MME - CoF: The first video reasoning benchmark

The research team compiled the MME - CoF benchmark based on the above empirical research to evaluate the reasoning potential of video models in a standardized way. Its main features include:

The first framework for systematically quantifying the reasoning ability of video models;

Covering 12 dimensions and 59 carefully designed tasks;

Innovative prompt - based design: Transforming abstract reasoning tasks (such as physics, geometry, and counting) into visual video generation challenges, forcing the model to show procedural thinking through "Chain - of - Frame reasoning".

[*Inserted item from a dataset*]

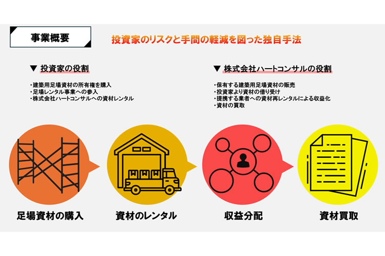 | 事業内容 | 足場レンタル事業、不動産投資コンサルティング、太陽光発電投資コンサルティング、その他各種コンサルティング |
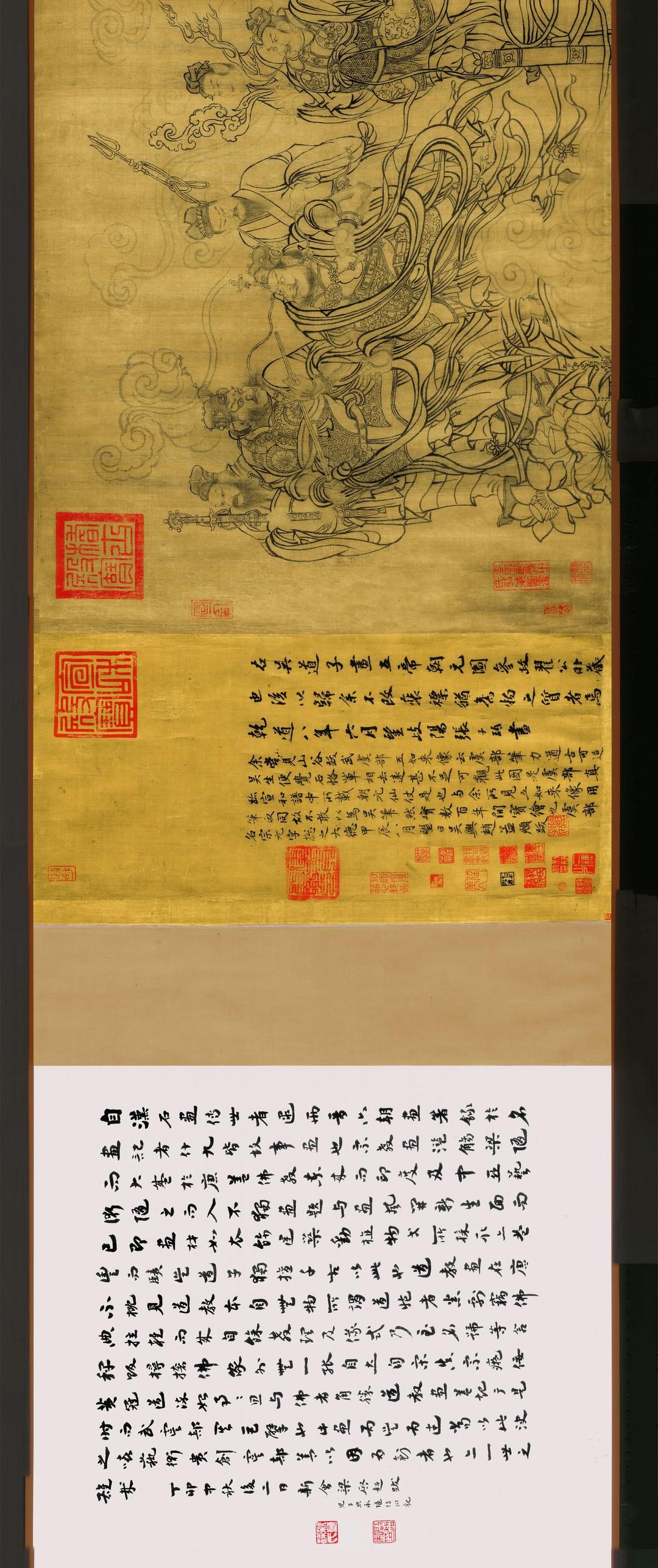 这件作品的线条来看,对比《送子天王图》的线条,我认为最起码不是吴道子的真迹,不是说它不好,而是线条层面水平差太多了,这里的水平考虑到了疏体密体取法有别,不过站在“唐派”的观点,这幅作品搭配武宗元的《朝元仙仗图》来看也佐证了美术史对于吴道子的高度评价:“吴道子的风格在宋代仍为众多画家所追逐向往,且都没有完全超出吴道子的范畴,吴道子时代所形成的的中国宗教绘画的基本样式,一直影响到元明以后,近代画工仍旧奉他为祖师”,就气韵生动而言,该作品的呈现仍深得神髓;

The following table shows the evaluation results of various video generation models on the MME - CoF benchmark. The scoring was done by Gemini - 2.5 - Pro, and the scale ranges from 0 to 4. The research team evaluated from five dimensions. Overall, the average scores of each model are generally lower than 2 points.

Conclusion: Reasoning or performing?

Based on the empirical analysis of Veo 3 and the quantitative evaluation results of many video models, the researchers drew the following conclusions:

1. It does not yet have independent zero - shot reasoning ability - the model mainly relies on data patterns rather than logical deduction.

2. Strong generation ≠ strong reasoning - its performance mainly comes from pattern memory and visual consistency rather than conceptual understanding.

3. It focuses on appearance rather than causality - the results generated by the model often "seem correct" but are not logically valid.

4. It still has potential in the future - it can be a powerful supplementary module for visual reasoning systems and cooperate with logical models to build a more complete multimodal intelligent system.

Overall, this research provides a clear and systematic empirical analysis and evaluation framework for the academic community, revealing the key gap that video generation models still need to cross in the process of moving from "generation" to "reasoning" and achieving a truly "general visual model".

This article is from the WeChat public account "Machine Intelligence", and is published by 36Kr with authorization.